Let’s be real about who Warsh is.
This guy is old-school Fed discipline.
No free money fantasies.
No “save the market at all costs” mindset.
Core of Warsh’s worldview:
Monetary discipline comes first
Financial system stability > asset prices
Liquidity is a tool, not a lifestyle
Now here’s the part most crypto bulls don’t want to hear.
Warsh is not a crypto believer.
He doesn’t see it as “the future of finance”
He doesn’t romanticize decentralization
He looks at crypto as systemic risk + regulatory exposure
That alone changes the game.
Markets aren’t stupid.
They price regime shifts, not just rate cuts.
When the potential Fed head signals:
“No unconditional liquidity.
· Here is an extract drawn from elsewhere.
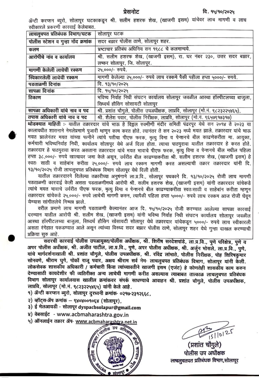 Press Release - Sadar Bazar PS, Solapur City CR. No. 817/2025, Prevention of Corruption Act, 1988 Section 7A Uploaded By Solapur from Pune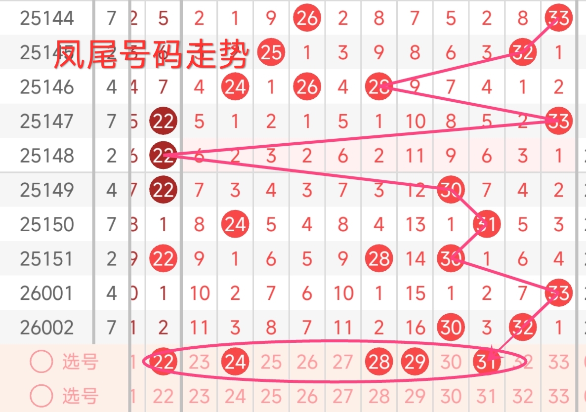 上期凤尾号码为32,振幅下降了1点,开出了偶数号码。回顾近期凤尾号码,振幅波动较大。上期凤尾号码为32,开出偶数号码。观察凤尾号码的走势,凤尾号码在红三区之间较为常见。上期凤尾是 32,处于较高位置。近期凤尾号码在 22 - 33 之间徘徊。预计本期凤尾可能会有所下降,考虑到整体号码分布的平衡以及跨度缩小的预测,凤尾号码不会像上期那么高,预计本期凤尾号码可以注意22 - 31区间开出。这些号码在历史开奖中出现频率较高,且符合当前的走势规律。本期还需注意一些连续漏出的冷码有望在本期热出。本期凤尾号码可重点关注22、24、28、29、31。

No blind backstopping.”
…risk gets repriced. Hard.
I’ve lived through enough cycles to tell you this:
When macro stops protecting you, charts break cleaner and deeper than people expect.
This isn’t about one headline.
It’s about the floor disappearing under assumptions people didn’t even realize they were standing on.
And BTC at $74K?
That’s not panic yet.
That’s recognition.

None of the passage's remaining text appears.